I’ve muscled through decades of Christmases hoping good feelings would follow right actions. Refusing to give in to negativity. Perhaps you have correctly guessed by now that I have truly awful memories of celebrating Christmas as a kid, which we didn’t do until I was 11, an experience into which I felt shoved after my father’s remarriage. It was a strictly choreographed event wedded to the script of my stepparent’s fantasy. I felt like an actor in someone else’s show. I’d be immediately demoted to understudy on the occasions my new Christian cousins were there, the lion’s share of gifts, attention, etc. going to them. Yet I was somehow required to believe in Santa, leaving cookies for him, talking about him, writing letters to him about stuff I wanted for Christmas…which was difficult for me since I already knew the idea of Santa was a fiction. And I never received anything on the list. We did all of the decorating, gingerbread house-making, the big meal on Christmas Eve and Christmas Day, even though I had listened to my father for years sharply criticize any Jewish family in our neighborhood who even remotely sidled up to Christmas, or did anything as false as putting up blue lights outside or getting a “Hanukkah bush”.

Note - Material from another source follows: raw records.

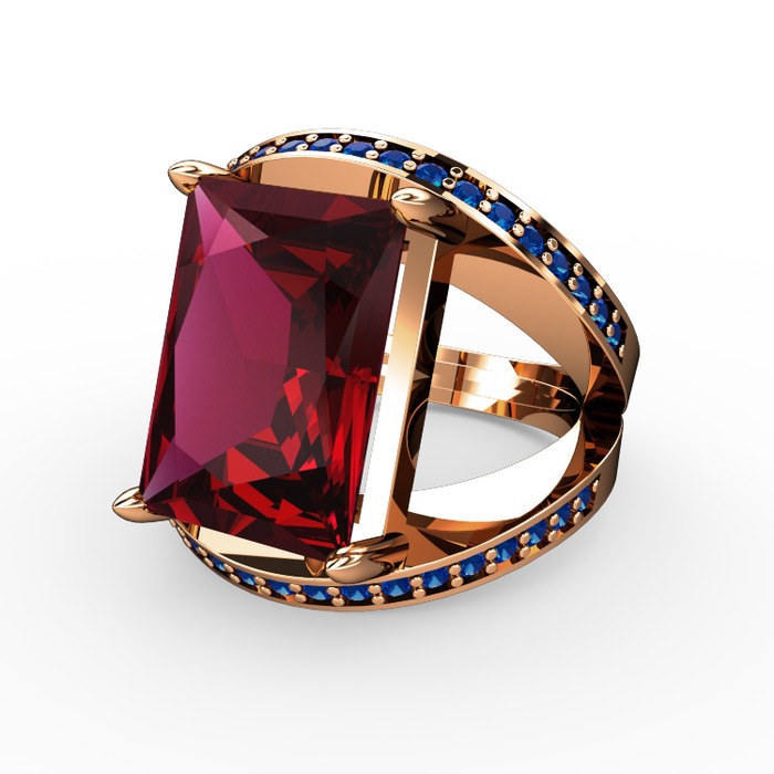 Rodolit garnet ve lab safir 925 ayar rose altın kaplama gümüş yüzük
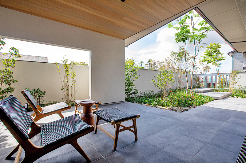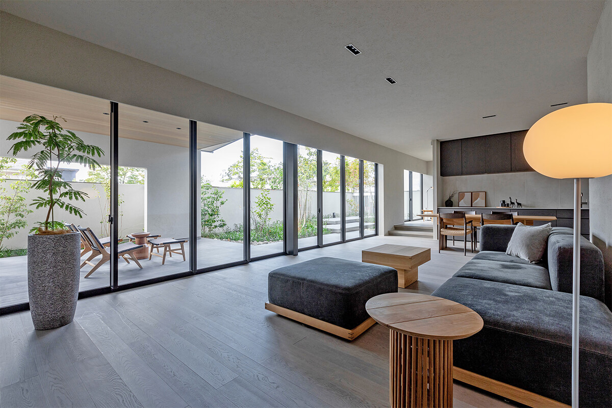 プライバシー性が確保された中庭が、室内と一体的につながる大開口・大空間が特長です。
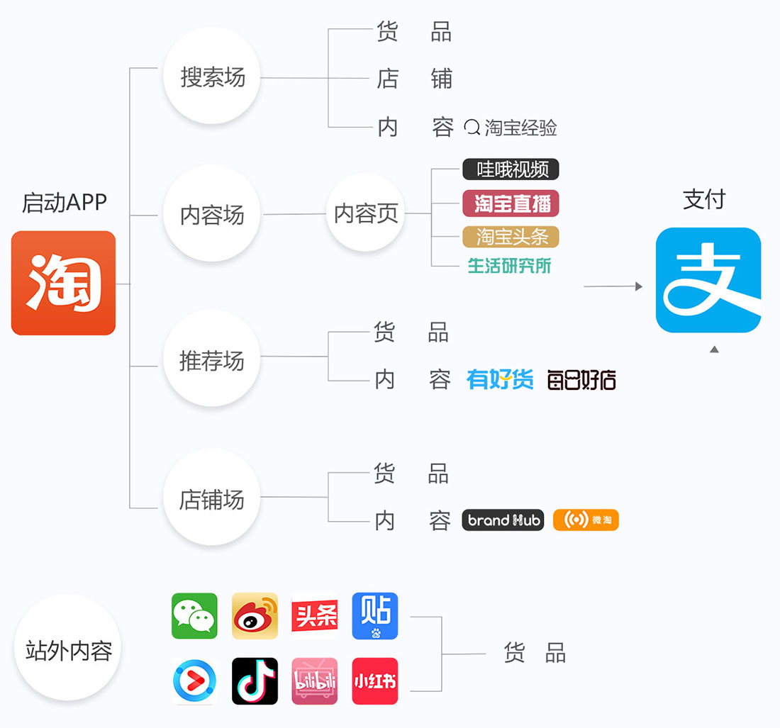 站内内容触点:洋淘秀、淘宝头条、大咖点评、淘宝经验问答、汇吃、微淘、猜你喜欢、短视频、有好货、美妆学院等

Plus we had just returned from living in Israel for a year, which was the happiest experience of my young life. As you can imagine, Christmas is not the same in Israel. Ironically, it’s about the birth of Jesus. It was very piously and quietly observed there by Christians (and by Eastern Orthodox Christians in January). Living in a country that observed Jewish holidays nationally to this day remains one of the most empowering experiences I have ever had as a secular Jew.
So, after years and years of gearing up for the holidays as an adult, I feel like it’s still a response to an internal falseness, a forced loyalty to some way of being that just isn’t true for me. I feel like I’ve spent a lifetime trying to compensate for my history, to proactively recreate a better experience, to strive not be a victim, etc., etc., and I have often thought that the amount of effort it takes to do this somehow gives the trauma more power, not less. I did truly enjoy celebrating my husband’s version of Christmas, for a couple of years, and I did embrace his joy, but I have to say at this point I really think Christmas for me, is best categorized as “just not my thing”. Like what you would say after trying to work up the passion for kissing a girl if you like boys, or for kissing boys if you like girls, or for trying to kiss only one if you can’t choose….you get the picture.